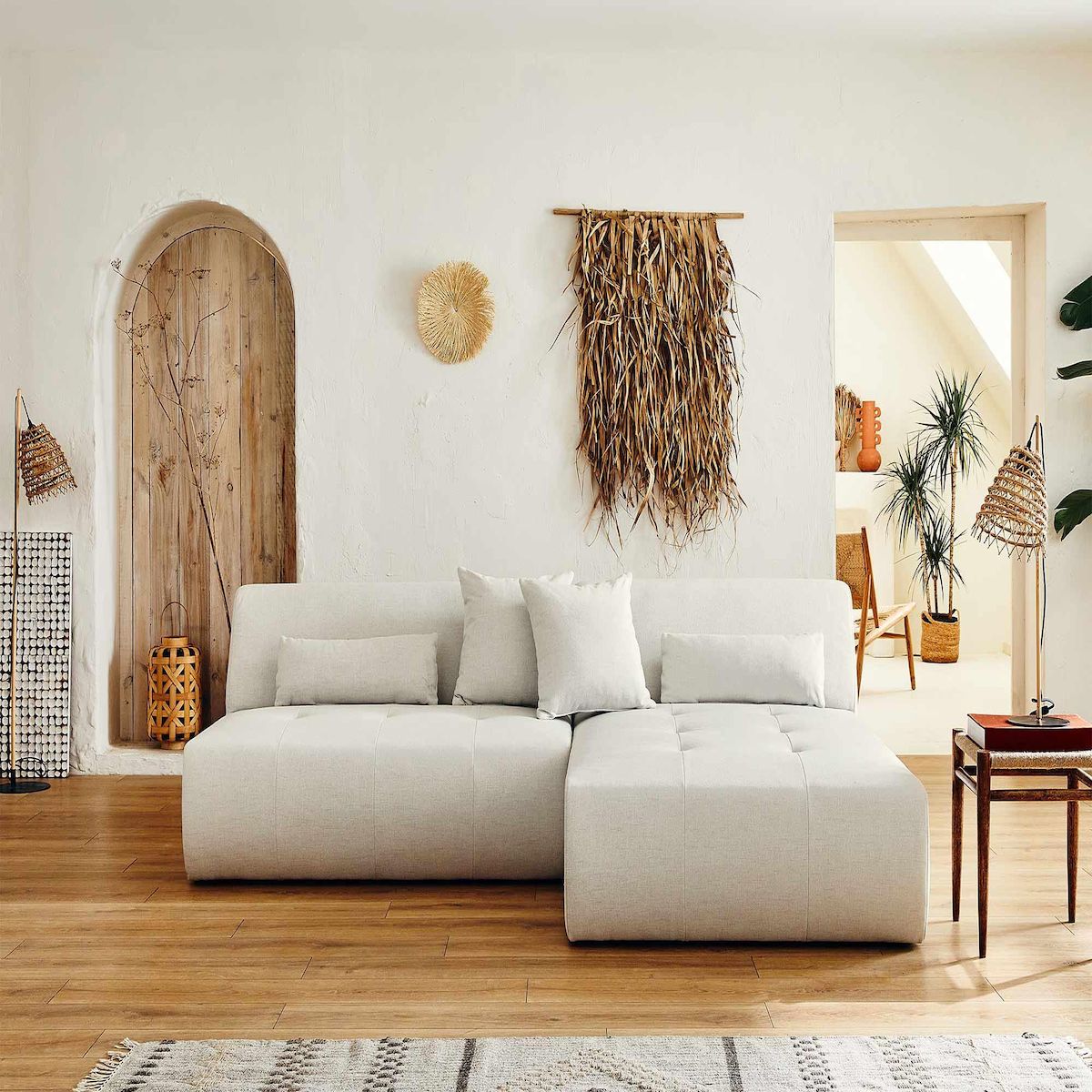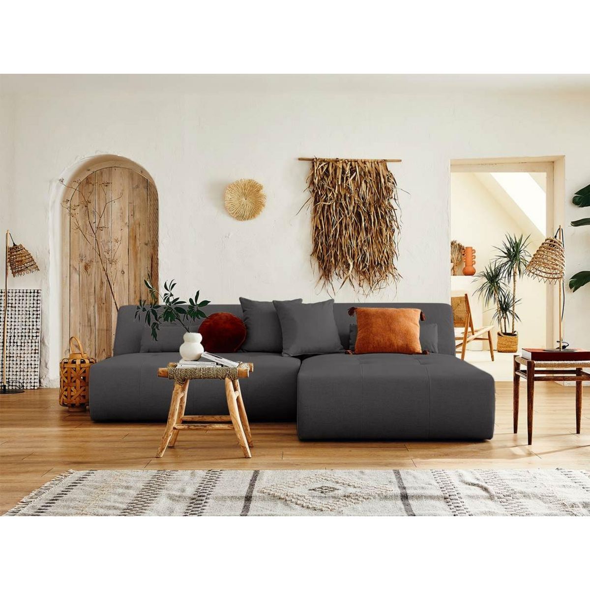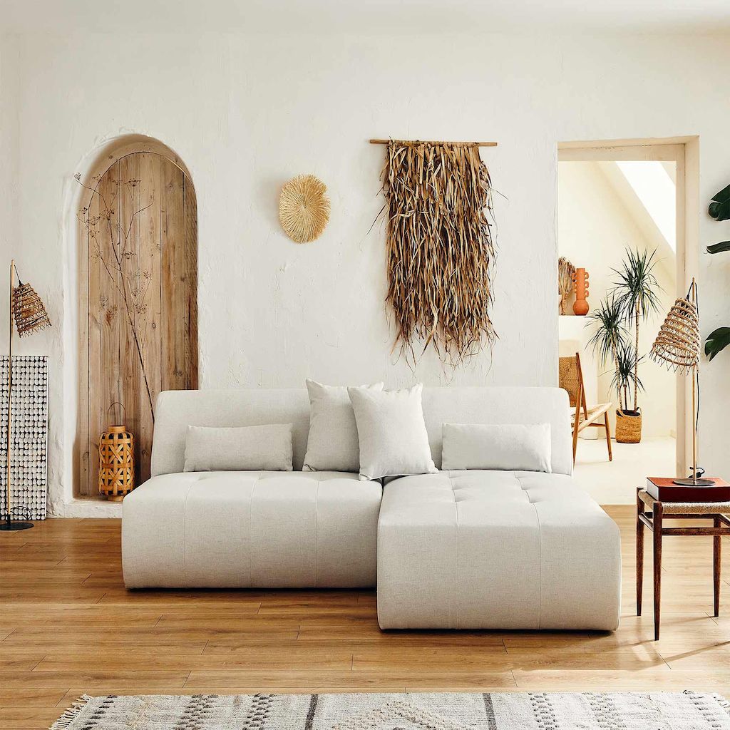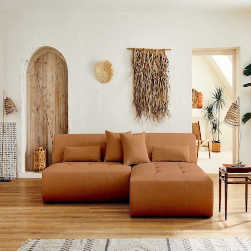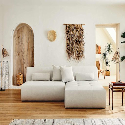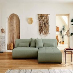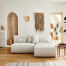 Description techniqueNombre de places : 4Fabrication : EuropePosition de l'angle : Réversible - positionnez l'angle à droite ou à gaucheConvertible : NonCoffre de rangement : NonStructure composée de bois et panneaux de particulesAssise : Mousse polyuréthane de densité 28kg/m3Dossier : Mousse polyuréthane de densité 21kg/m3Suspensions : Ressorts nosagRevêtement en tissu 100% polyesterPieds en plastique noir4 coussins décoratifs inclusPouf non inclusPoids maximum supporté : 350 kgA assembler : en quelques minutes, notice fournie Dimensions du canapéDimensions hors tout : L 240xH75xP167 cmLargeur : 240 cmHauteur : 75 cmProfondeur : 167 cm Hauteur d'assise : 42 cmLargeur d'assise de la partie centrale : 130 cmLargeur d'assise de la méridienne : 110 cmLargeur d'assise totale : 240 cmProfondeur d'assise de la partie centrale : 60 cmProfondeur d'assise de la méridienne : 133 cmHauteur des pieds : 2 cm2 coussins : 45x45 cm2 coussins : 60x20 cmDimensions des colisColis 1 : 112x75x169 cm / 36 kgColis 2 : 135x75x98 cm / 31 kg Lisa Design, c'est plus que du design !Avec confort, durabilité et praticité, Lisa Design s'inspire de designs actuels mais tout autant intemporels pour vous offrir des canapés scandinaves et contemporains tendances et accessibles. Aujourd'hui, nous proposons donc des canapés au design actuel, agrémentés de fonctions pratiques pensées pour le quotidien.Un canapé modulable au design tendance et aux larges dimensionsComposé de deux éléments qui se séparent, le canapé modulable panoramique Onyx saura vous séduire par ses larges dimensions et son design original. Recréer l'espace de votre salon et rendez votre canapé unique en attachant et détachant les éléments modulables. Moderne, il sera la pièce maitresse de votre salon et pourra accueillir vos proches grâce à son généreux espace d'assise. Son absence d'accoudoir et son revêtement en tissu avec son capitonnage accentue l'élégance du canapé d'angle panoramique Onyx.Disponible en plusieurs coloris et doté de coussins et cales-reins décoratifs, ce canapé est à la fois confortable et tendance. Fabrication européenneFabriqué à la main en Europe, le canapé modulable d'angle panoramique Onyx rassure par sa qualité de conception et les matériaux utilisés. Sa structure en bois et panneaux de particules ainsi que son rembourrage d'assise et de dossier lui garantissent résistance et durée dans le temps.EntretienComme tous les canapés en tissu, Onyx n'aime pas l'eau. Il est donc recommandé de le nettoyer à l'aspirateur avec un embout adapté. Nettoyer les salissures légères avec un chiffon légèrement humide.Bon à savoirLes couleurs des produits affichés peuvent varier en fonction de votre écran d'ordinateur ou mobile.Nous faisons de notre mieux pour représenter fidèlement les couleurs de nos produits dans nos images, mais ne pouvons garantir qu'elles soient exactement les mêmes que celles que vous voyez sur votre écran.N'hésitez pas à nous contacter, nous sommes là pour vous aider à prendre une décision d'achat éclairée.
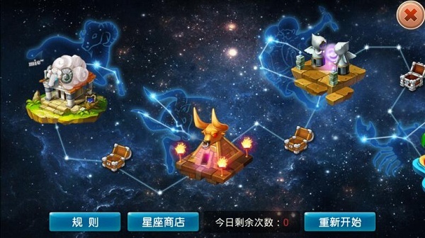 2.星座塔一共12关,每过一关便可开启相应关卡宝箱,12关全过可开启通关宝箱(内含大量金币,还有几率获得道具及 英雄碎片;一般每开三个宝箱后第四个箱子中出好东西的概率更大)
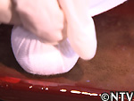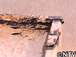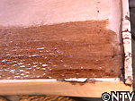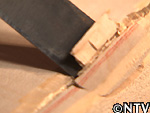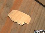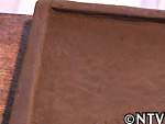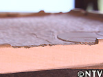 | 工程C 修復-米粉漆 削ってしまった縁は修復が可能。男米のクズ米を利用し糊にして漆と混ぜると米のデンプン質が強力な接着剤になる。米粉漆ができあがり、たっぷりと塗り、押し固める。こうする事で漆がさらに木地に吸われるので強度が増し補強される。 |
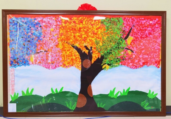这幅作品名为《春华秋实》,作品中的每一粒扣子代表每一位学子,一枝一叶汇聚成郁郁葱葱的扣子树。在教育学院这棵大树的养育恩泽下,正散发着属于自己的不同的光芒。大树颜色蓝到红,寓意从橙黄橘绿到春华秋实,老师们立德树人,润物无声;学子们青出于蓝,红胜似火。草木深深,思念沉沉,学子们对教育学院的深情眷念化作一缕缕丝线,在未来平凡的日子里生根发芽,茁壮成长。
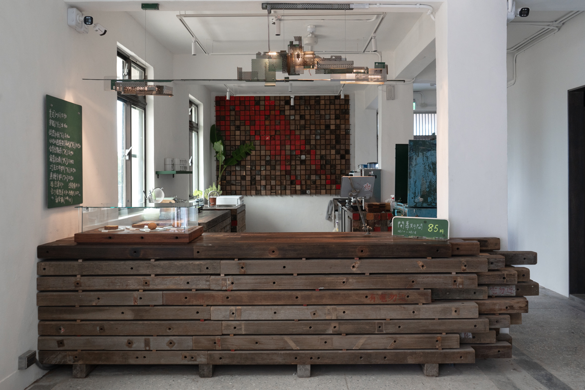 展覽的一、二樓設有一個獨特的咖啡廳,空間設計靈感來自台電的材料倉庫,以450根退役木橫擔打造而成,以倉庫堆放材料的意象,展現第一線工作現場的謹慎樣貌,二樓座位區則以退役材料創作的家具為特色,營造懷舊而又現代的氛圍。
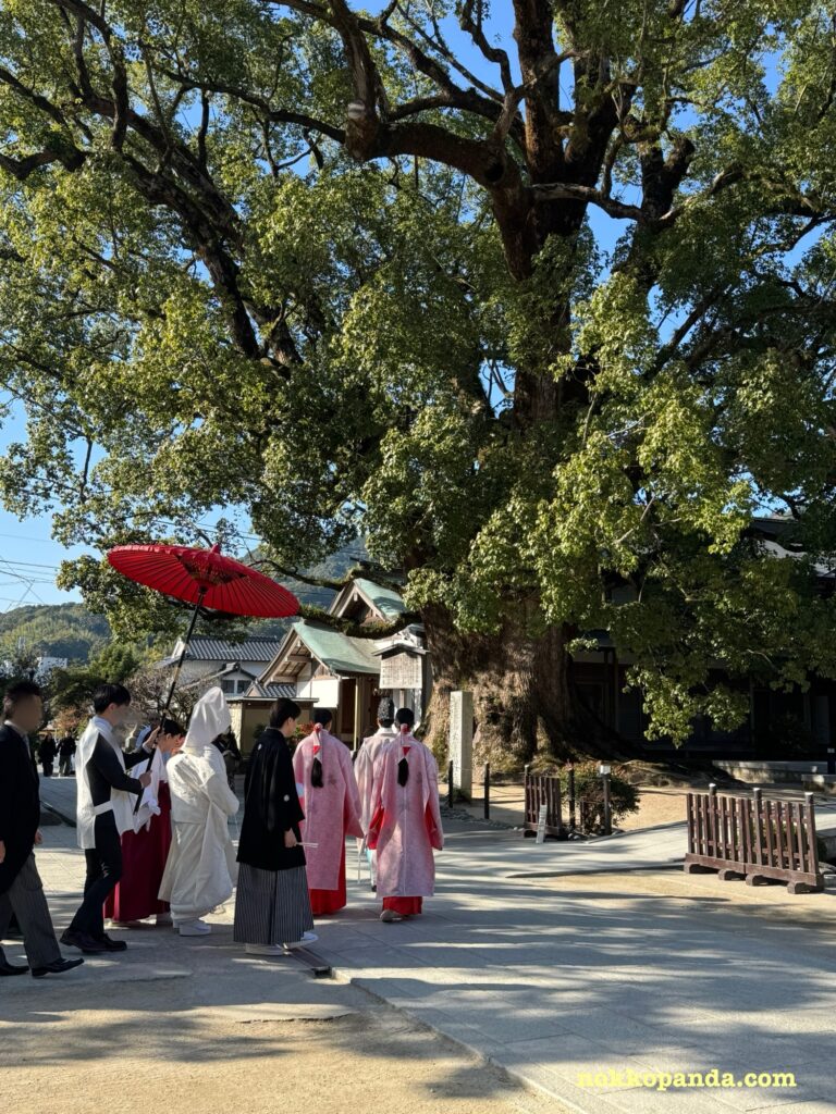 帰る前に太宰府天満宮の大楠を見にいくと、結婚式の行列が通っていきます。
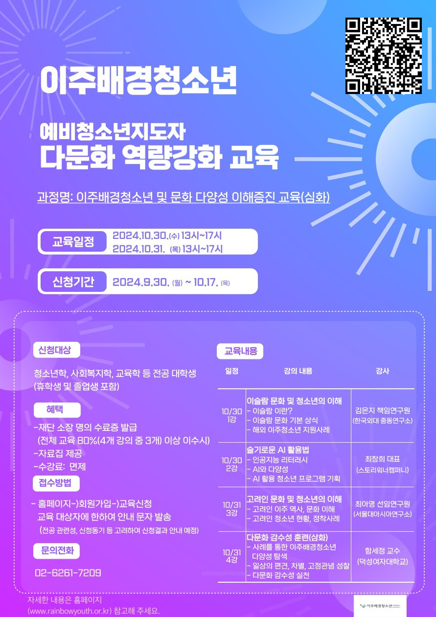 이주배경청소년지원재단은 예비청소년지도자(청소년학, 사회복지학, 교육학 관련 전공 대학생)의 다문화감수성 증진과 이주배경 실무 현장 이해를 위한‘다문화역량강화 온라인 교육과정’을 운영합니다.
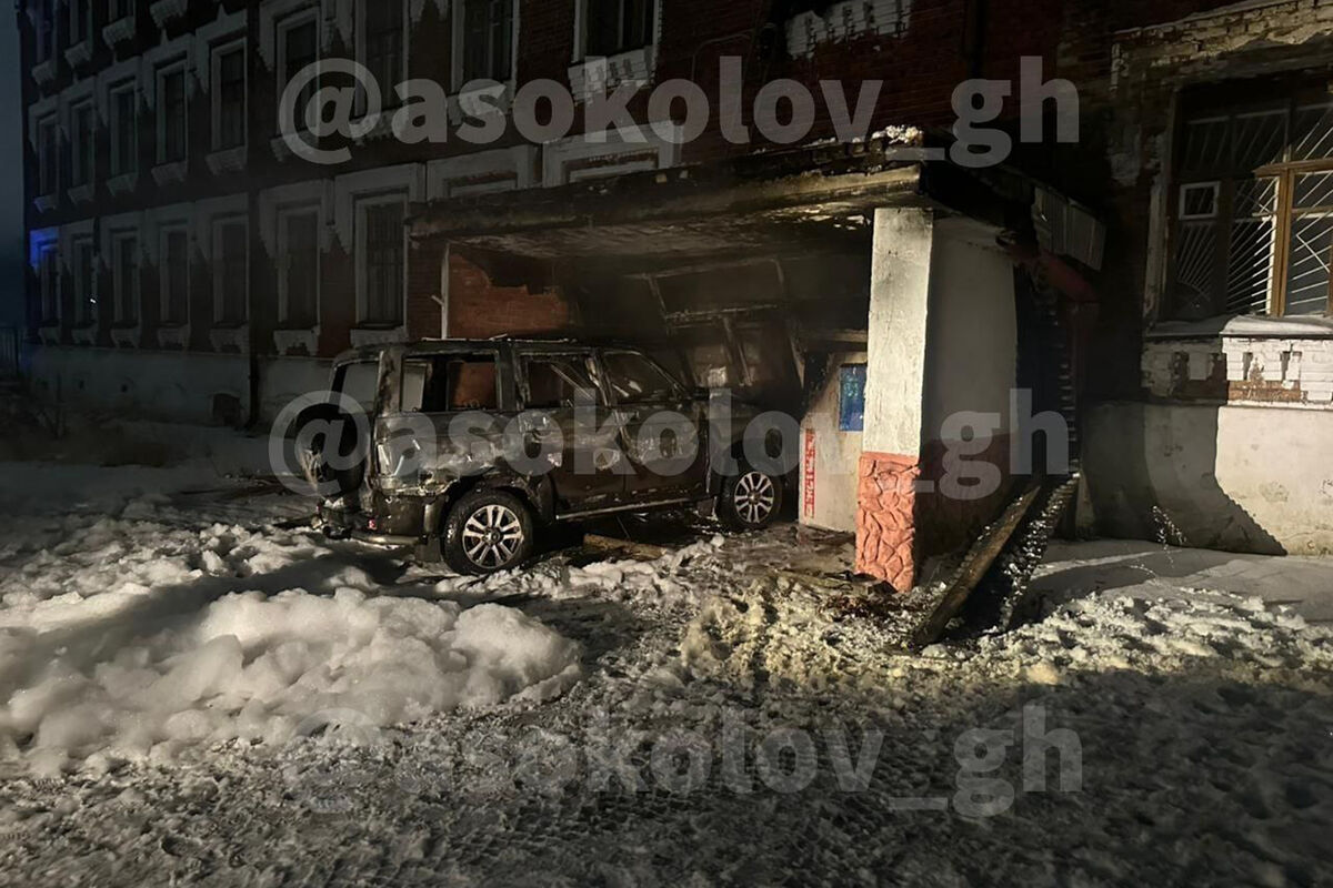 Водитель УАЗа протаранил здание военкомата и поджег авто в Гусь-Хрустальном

^^^^^^^^^^^^^^^^

- **WORK INSTRUCTION**: In transcribing the lines above, omit the images and keep all else exact.

- **RESPONSE TO THIS EXERCISE**:
 Description techniqueNombre de places : 4Fabrication : EuropePosition de l'angle : Réversible - positionnez l'angle à droite ou à gaucheConvertible : NonCoffre de rangement : NonStructure composée de bois et panneaux de particulesAssise : Mousse polyuréthane de densité 28kg/m3Dossier : Mousse polyuréthane de densité 21kg/m3Suspensions : Ressorts nosagRevêtement en tissu 100% polyesterPieds en plastique noir4 coussins décoratifs inclusPouf non inclusPoids maximum supporté : 350 kgA assembler : en quelques minutes, notice fournie Dimensions du canapéDimensions hors tout : L 240xH75xP167 cmLargeur : 240 cmHauteur : 75 cmProfondeur : 167 cm Hauteur d'assise : 42 cmLargeur d'assise de la partie centrale : 130 cmLargeur d'assise de la méridienne : 110 cmLargeur d'assise totale : 240 cmProfondeur d'assise de la partie centrale : 60 cmProfondeur d'assise de la méridienne : 133 cmHauteur des pieds : 2 cm2 coussins : 45x45 cm2 coussins : 60x20 cmDimensions des colisColis 1 : 112x75x169 cm / 36 kgColis 2 : 135x75x98 cm / 31 kg Lisa Design, c'est plus que du design !Avec confort, durabilité et praticité, Lisa Design s'inspire de designs actuels mais tout autant intemporels pour vous offrir des canapés scandinaves et contemporains tendances et accessibles. Aujourd'hui, nous proposons donc des canapés au design actuel, agrémentés de fonctions pratiques pensées pour le quotidien.Un canapé modulable au design tendance et aux larges dimensionsComposé de deux éléments qui se séparent, le canapé modulable panoramique Onyx saura vous séduire par ses larges dimensions et son design original. Recréer l'espace de votre salon et rendez votre canapé unique en attachant et détachant les éléments modulables. Moderne, il sera la pièce maitresse de votre salon et pourra accueillir vos proches grâce à son généreux espace d'assise. Son absence d'accoudoir et son revêtement en tissu avec son capitonnage accentue l'élégance du canapé d'angle panoramique Onyx.Disponible en plusieurs coloris et doté de coussins et cales-reins décoratifs, ce canapé est à la fois confortable et tendance. Fabrication européenneFabriqué à la main en Europe, le canapé modulable d'angle panoramique Onyx rassure par sa qualité de conception et les matériaux utilisés. Sa structure en bois et panneaux de particules ainsi que son rembourrage d'assise et de dossier lui garantissent résistance et durée dans le temps.EntretienComme tous les canapés en tissu, Onyx n'aime pas l'eau. Il est donc recommandé de le nettoyer à l'aspirateur avec un embout adapté. Nettoyer les salissures légères avec un chiffon légèrement humide.Bon à savoirLes couleurs des produits affichés peuvent varier en fonction de votre écran d'ordinateur ou mobile.Nous faisons de notre mieux pour représenter fidèlement les couleurs de nos produits dans nos images, mais ne pouvons garantir qu'elles soient exactement les mêmes que celles que vous voyez sur votre écran.N'hésitez pas à nous contacter, nous sommes là pour vous aider à prendre une décision d'achat éclairée.
 2.星座塔一共12关,每过一关便可开启相应关卡宝箱,12关全过可开启通关宝箱(内含大量金币,还有几率获得道具及 英雄碎片;一般每开三个宝箱后第四个箱子中出好东西的概率更大)
 | 工程C 修復-米粉漆 削ってしまった縁は修復が可能。男米のクズ米を利用し糊にして漆と混ぜると米のデンプン質が強力な接着剤になる。米粉漆ができあがり、たっぷりと塗り、押し固める。こうする事で漆がさらに木地に吸われるので強度が増し補強される。 |
这幅作品名为《春华秋实》,作品中的每一粒扣子代表每一位学子,一枝一叶汇聚成郁郁葱葱的扣子树。在教育学院这棵大树的养育恩泽下,正散发着属于自己的不同的光芒。大树颜色蓝到红,寓意从橙黄橘绿到春华秋实,老师们立德树人,润物无声;学子们青出于蓝,红胜似火。草木深深,思念沉沉,学子们对教育学院的深情眷念化作一缕缕丝线,在未来平凡的日子里生根发芽,茁壮成长。
 展覽的一、二樓設有一個獨特的咖啡廳,空間設計靈感來自台電的材料倉庫,以450根退役木橫擔打造而成,以倉庫堆放材料的意象,展現第一線工作現場的謹慎樣貌,二樓座位區則以退役材料創作的家具為特色,營造懷舊而又現代的氛圍。
 帰る前に太宰府天満宮の大楠を見にいくと、結婚式の行列が通っていきます。
 이주배경청소년지원재단은 예비청소년지도자(청소년학, 사회복지학, 교육학 관련 전공 대학생)의 다문화감수성 증진과 이주배경 실무 현장 이해를 위한‘다문화역량강화 온라인 교육과정’을 운영합니다.
 Водитель УАЗа протаранил здание военкомата и поджег авто в Гусь-Хрустальном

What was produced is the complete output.